Creative writing MFA program inspires, prepares students
In an era where the arts are often overlooked, a gem is tucked away in the heart of the English department at Fresno State.
A graduate degree in creative writing has been a staple on campus for over 30 years, but it wasn’t until 1996 it was transitioned from a Master of Art (M.A.) degree to a Masters of Fine Arts (MFA) degree.
There are currently around 50 to 60 students enrolled in the MFA program’s poetry, fiction and creative nonfiction sections, said Corrinne Clegg Hales, the James and Coke Hallowell Professor of creative writing.
Students working toward their degree in creative writing have the chance to not only build on the foundation of their education, but grow as writers in an atmosphere where they are can be mentored by several faculty members.
“Our student-writers are entering the professional writing world, so we encourage them to learn as much as they can about it, to work in publishing and editing to one degree or another, and to send their best work out to journals and magazines,” Hales said. “Our students have a terrific record of publication in some of the best magazines in the country.”
Opportunities in the department also provide creative outlets for students to gain experience such as writing and editing for The Normal School, a semiannual literary magazine published through the efforts of the creative writing program.
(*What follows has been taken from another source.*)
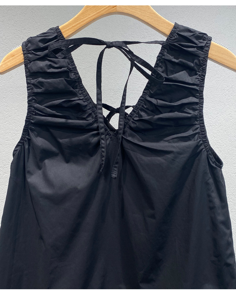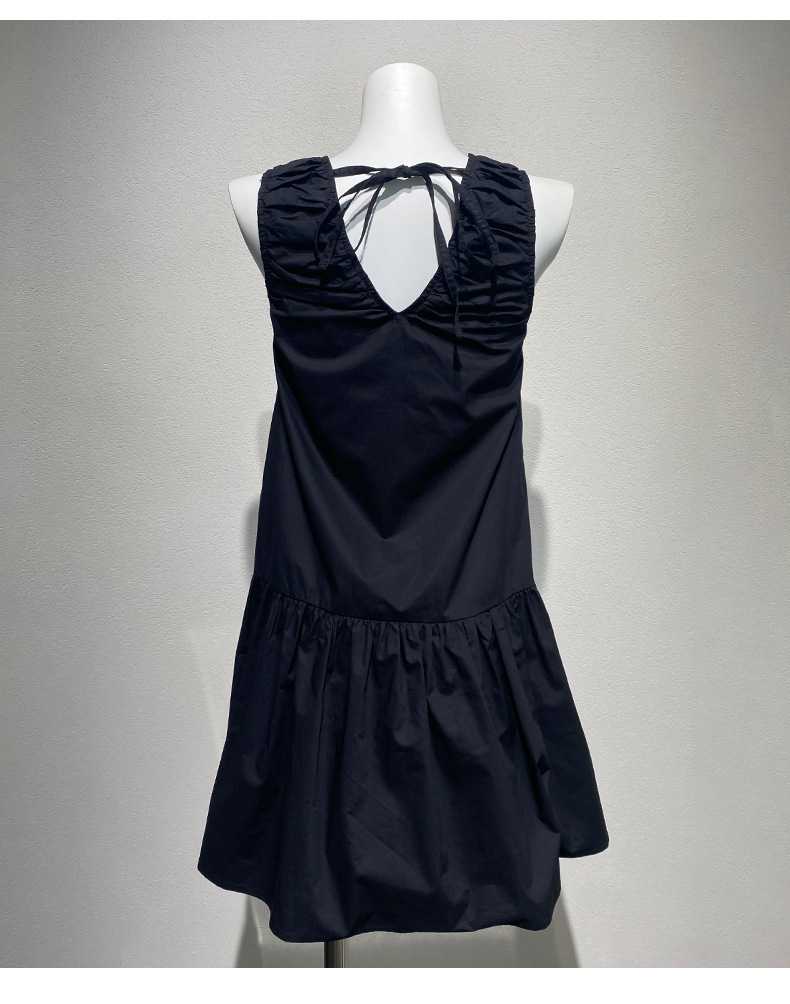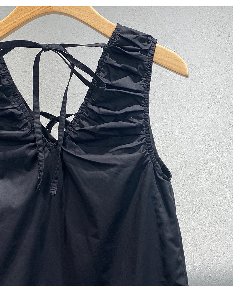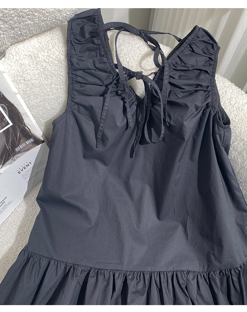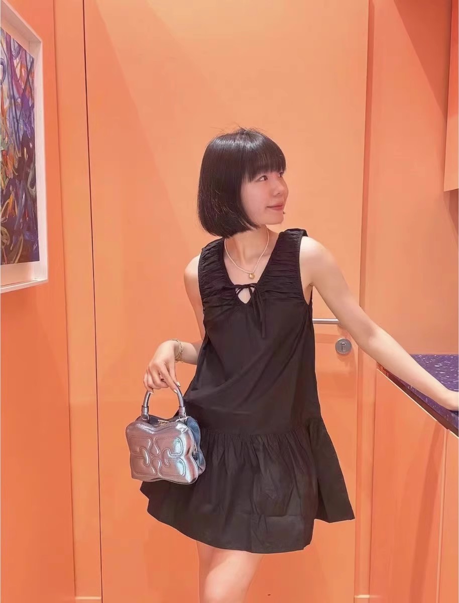 Xiaozhong 2024 여름 새로운 블랙 V 넥 슬림 핏 레이스 업 민소매 짧은 원피스 여성

Alex Espinoza, a professor of English and creative writing, works constantly to emphasize the importance of publishing works, however he continues to focus on the bigger picture.
“I always tell my students to remember, first and foremost, that their aim should be to produce art, and producing good art takes time, energy, and intelligence,” Espinoza said.
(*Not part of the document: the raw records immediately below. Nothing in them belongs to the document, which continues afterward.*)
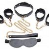 Includes: Blindfold, wrist cuffs, ankle cuffs, and collar with leash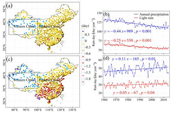 Spatial and temporal trends in annual precipitation days and light rain days for the warm season from 1960 to 2014 over China and the sub-regions (western and eastern China). (a) The spatial distribution of trends for annual precipitation days; (b) temporal trends for annual precipitation days and light rain days over eastern China; (c) the spatial distribution of trends for light rain days; and (d) temporal trends for annual precipitation days and light rain days over western China. Black dots at stations represent significance at the 0.05 level.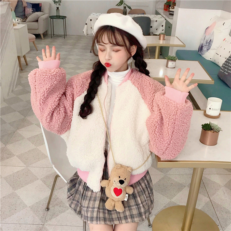 / 學院風撞色仿羊羔毛棒球服女秋冬裝2018新款韓版寬松長袖棉衣外套

Espinoza is no stranger to published works. His first novel, “Still Water Saints,” was released in 2007 in both English and Spanish and was recognized by Barnes & Noble Discover Great New Writers. The team of six in the program have published more than 20 books to date.
The program’s positive reputation has grown over the years and the university has recognized the importance and relevance of this artistic program. In turn, Fresno State has pledged significant support which allows the program to recruit top students from across the nation, said Steven Church, an associate professor of English.
“I worry a lot when I hear the rhetoric, ‘Who needs writing and art and music?’” Espinoza said. “Art took me— a poor kid born in a slum in Tijuana, the youngest of eleven— and turned him into a writer and teacher. Art took me— growing up in a rough neighborhood in Los Angeles, where drugs and crime and poverty were the norm— and reshaped me into a novelist.”
Not everyone who earns their MFA or takes classes in creative writing will go on to become a literary writer. Often times, students are led into careers in law, business, education, politics and journalism, Hales said.
“The arts will help a person do better in whatever field they choose,” Hales said. “I’m certain of that.”
The faculty’s passion for students and cultivating diversity in writing has become a driving force for this program.
“Other MFA programs work very hard to homogenize the voices of the students in their program, we honor difference,” Espinoza said.